If I run with valgrind, I see errors of the form below. However, the program no longer crashes (the same code run outside of valgrind does still segfault).

==16218== Invalid read of size 8
==16218==    at 0x19049B16: handmade_aligned_free (Memory.h:98)
==16218==    by 0x19049B16: aligned_free (Memory.h:179)
==16218==    by 0x19049B16: deallocate (Memory.h:763)
==16218==    by 0x19049B16: deallocate (alloc_traits.h:328)
==16218==    by 0x19049B16: _M_deallocate (stl_vector.h:180)
==16218==    by 0x19049B16: std::vector<float, Eigen::aligned_allocator<float> >::_M_default_append(unsigned long) (vector.tcc:592)
==16218==    by 0x1904A687: resize (stl_vector.h:692)
==16218==  Address 0x3e195558 is 8 bytes before a block of size 8 alloc'd
==16218==    at 0x4C29BE3: malloc (vg_replace_malloc.c:299)
==16218==    by 0x123B7326: Eigen::internal::aligned_malloc(unsigned long) (in /gdn/centos7/0001/x3/prefixes/desmond-dependencies/2.14c7__dc4688ce01c7/lib/libminimax.so)
==16218==    by 0x19049B73: allocate (Memory.h:758)
==16218==    by 0x19049B73: allocate (alloc_traits.h:301)
==16218==    by 0x19049B73: _M_allocate (stl_vector.h:172)
==16218==    by 0x19049B73: std::vector<float, Eigen::aligned_allocator<float> >::_M_default_append(unsigned long) (vector.tcc:571)
==16218==    by 0x1904A687: resize (stl_vector.h:692)
==16218== Invalid free() / delete / delete[] / realloc()
==16218==    at 0x4C2ACDD: free (vg_replace_malloc.c:530)
==16218==    by 0x19049B1E: handmade_aligned_free (Memory.h:98)
==16218==    by 0x19049B1E: aligned_free (Memory.h:179)
==16218==    by 0x19049B1E: deallocate (Memory.h:763)
==16218==    by 0x19049B1E: deallocate (alloc_traits.h:328)
==16218==    by 0x19049B1E: _M_deallocate (stl_vector.h:180)
==16218==    by 0x19049B1E: std::vector<float, Eigen::aligned_allocator<float> >::_M_default_append(unsigned long) (vector.tcc:592)
==16218==    by 0x1904A687: resize (stl_vector.h:692)
==16218== Invalid read of size 8
==16218==    at 0x1905327B: handmade_aligned_free (Memory.h:98)
==16218==    by 0x1905327B: aligned_free (Memory.h:179)
==16218==    by 0x1905327B: conditional_aligned_free<true> (Memory.h:230)
==16218==    by 0x1905327B: conditional_aligned_delete_auto<double, true> (Memory.h:416)
==16218==    by 0x1905327B: ~DenseStorage (DenseStorage.h:542)
==16218==    by 0x1905327B: ~PlainObjectBase (PlainObjectBase.h:98)
==16218==    by 0x1905327B: ~Matrix (Matrix.h:178)
==16218==    by 0x1905327B: Eigen::SparseQR<Eigen::SparseMatrix<double, 0, int>, Eigen::COLAMDOrdering<int> >::factorize(Eigen::SparseMatrix<double, 0, int> const&) (SparseQR.h:360)
==16218==    by 0x19047A28: compute (SparseQR.h:118)

I am attempting to turn this into a minimal reproducible example.


Solution

  • The described problem usually occurs if compilation units with different memory-alignment options are linked together.

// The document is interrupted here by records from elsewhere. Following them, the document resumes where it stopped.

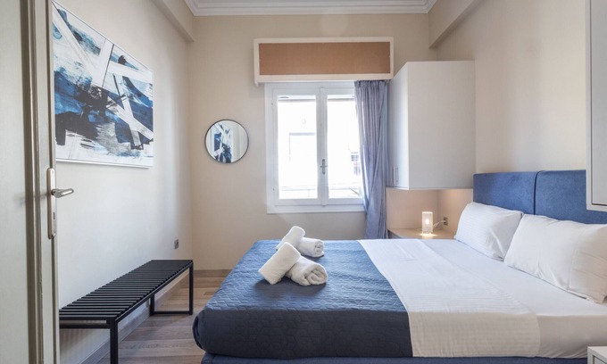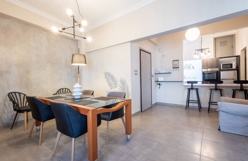 Step into relaxation at this newly renovated seaside retreat, just 1 minute from the beach! This stylish 2-bedroom apartment offers the perfect blend of comfort and convenience, featuring modern interiors, cozy furnishings, and a bright, airy atmosphere. Whether you're soaking up the sun, exploring the local area, or unwinding after a day by the sea, this is the perfect escape for families, friends, or couples.Book now and experience the ultimate beachside getaway! Of course the beds are already made-up, with fresh ironed sheets from top quality brand. Furthermore there are clean towels for every single of you.Entire property has free Wi-Fi!Acropoli s the closest Metro station and the bus station is 100 meters away.Smoking is only allowed on the balconyCommon quiet hours 11:00 p.m. – 07:00 a.m 3:00 p.m. – 5:00 p.m.For late check in after 00:00 there is a small feeTransfer service and private tours are available upon requestHow can i help you to get the most out of your stay?
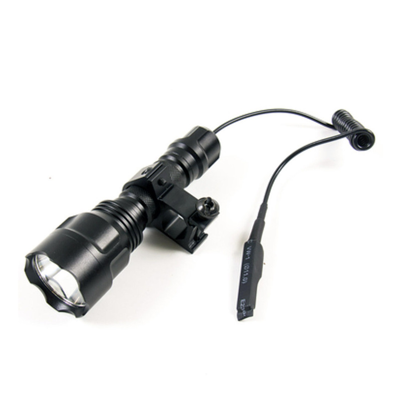 Компактный аккумуляторный подствольный фонарь SibRay NK-608 с американским светодиодом Cree T6XML. Наличие обычной кнопки в задней части фонаря позволяет использовать его как обычный ручной фонарь, а выносная кнопка и кронштейн позволяют крепить фонарь к оружию и использовать в качестве подствольного.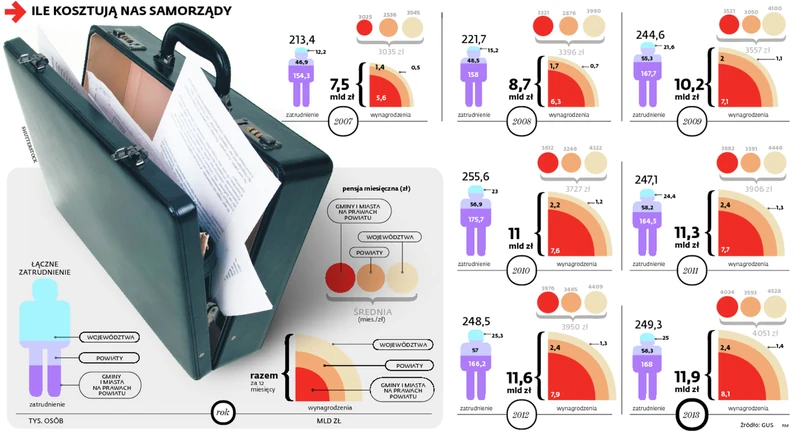Koszty z roku na rok rosną, na co składają się wzrosty zatrudnienia i pensji. W 2007 r. w gminnej oraz miejskiej administracji samorządowej pracowało ponad 154 tys. osób, niemal 47 tys. w powiatach i trochę ponad 12 tys. w województwach. To w sumie ponad 213 tys. ludzi. W ubiegłym roku liczba urzędników szczebla gminnego była aż o 9 proc. większa (wzrosła do 168 tys.), personel urzędów powiatowych zwiększył się o jedną piątą, do 56 tys., a 25-tysięczna armia w województwach powiększyła się w ciągu siedmiu lat aż o 108 proc.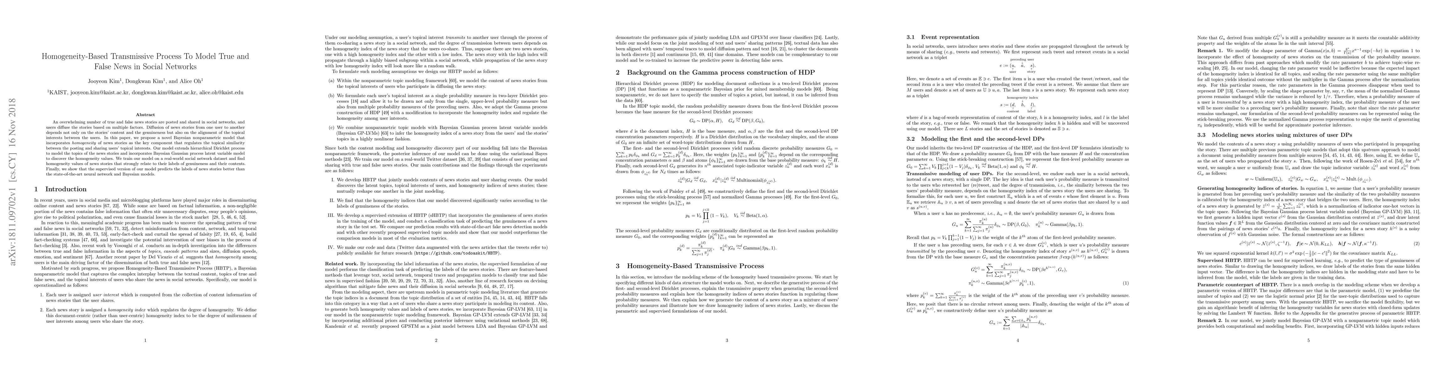 This paper proposes a Bayesian nonparametric model to distinguish true and false news in social networks, focusing on the homogeneity of news stories to reflect topical similarity between users. The model outperforms existing neural and Bayesian models in predicting news genuineness.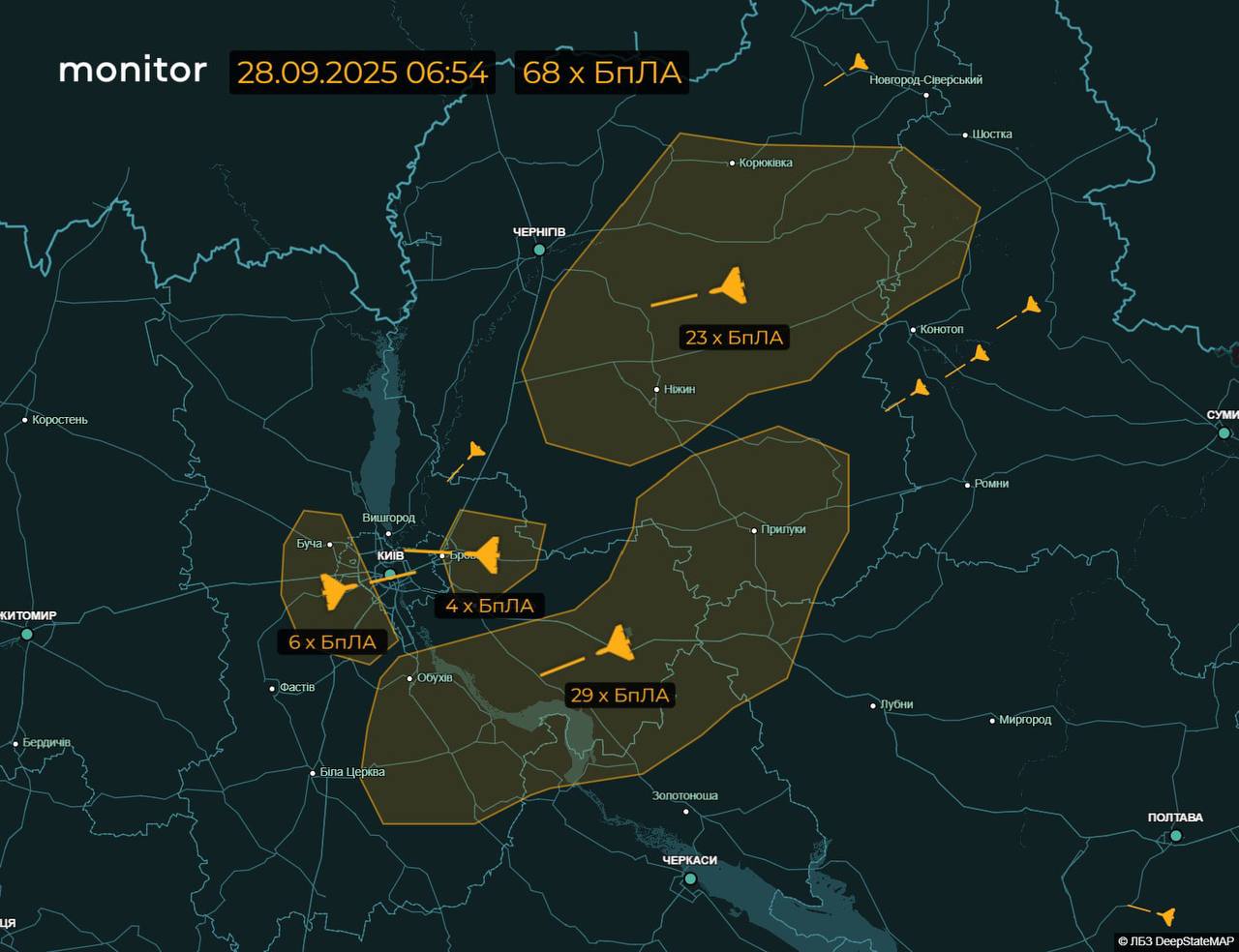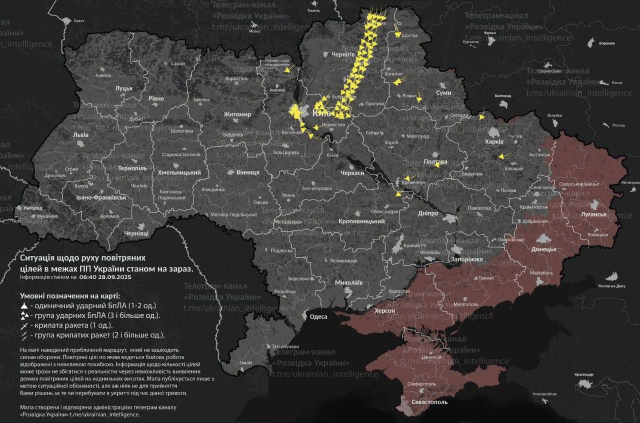 У ніч на неділю, 28 вересня, російські окупанти провели масовану комбіновану атаку на Київ, застосувавши крилаті ракети та безпілотники. У столиці лунали вибухи, в деяких районах спалахнули пожежі.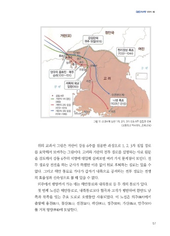 그림 1> 교과서에 실린 1차, 2차, 3차 강동 6주 침입한 경로
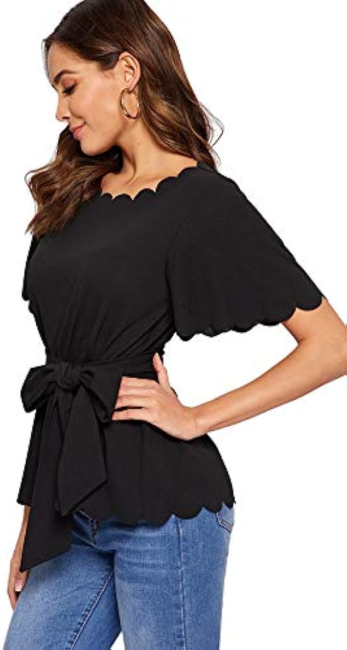 Romwe Women's Bow Self Tie Scalloped Cut Out Short Sleeve Elegant Office Work Tunic Blouse Top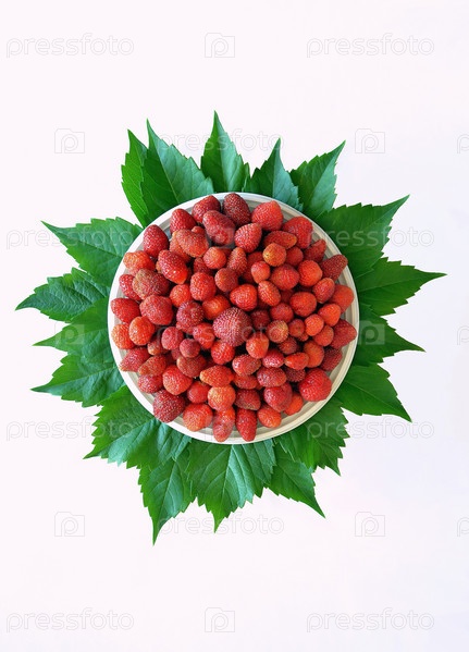 красная клубника в белой тарелочке на фоне зеленых листьев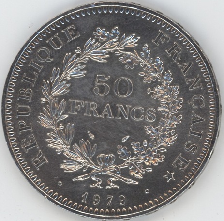 France 50 Francs Hercule 1979 (ss-vz) en argent 0.900 (30gr) KM# 941.1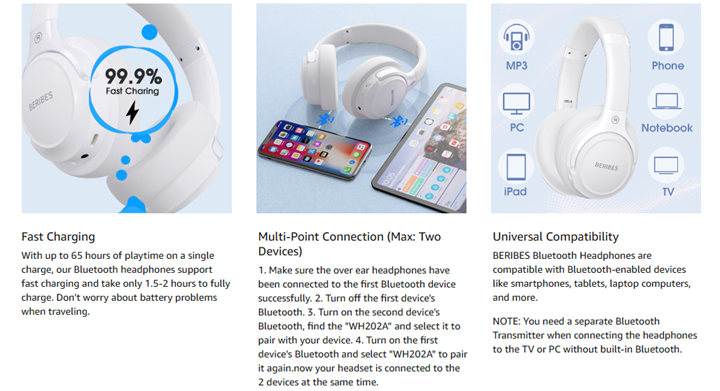 • ?【Latest Bluetooth 5.3 and Microphone】Carrying latest Bluetooth 5.3 chip, after booting, 1-3 seconds to quickly pair bluetooth. Beribes bluetooth headphones with microphone has faster and more stable transmitter range up to 33ft. Two smart devices can be connected to Beribes over-ear headphones at the same time, makes you able to pick up a call from your phone when watching movie on your iPad without switching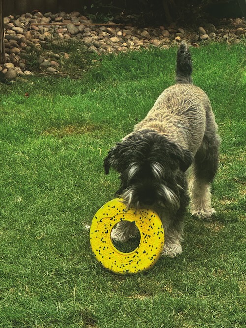 The material is soft and really squeezable in your fingers, yet it’s incredibly durable. Our dog has played fetch with this over and over, and it flies really well in the air. My son and I even ended up having a competition to see who could throw it the furthest (I won!). All the while, Peggy, our Schnauzer, was running back and forth, loving the game between us.

By default Eigen aligns memory to 16 bytes, unless AVX is enabled, in which case memory is aligned to 32 bytes (or 64 bytes for AVX512 -- I think).

    Ideally, you should compile all compilation units with the same target architecture -- if you only plan to run on your local machine best use -march=native (this also enables tuning for the local architecture).

    If you need to have some parts compiled with AVX enabled and others without, you can manually override the memory-alignment of Eigen using -DEIGEN_MAX_ALIGN_BYTES=16 or -DEIGEN_MAX_ALIGN_BYTES=32 (for consistency, either one should be added to all compilation units, even though some would be redundant).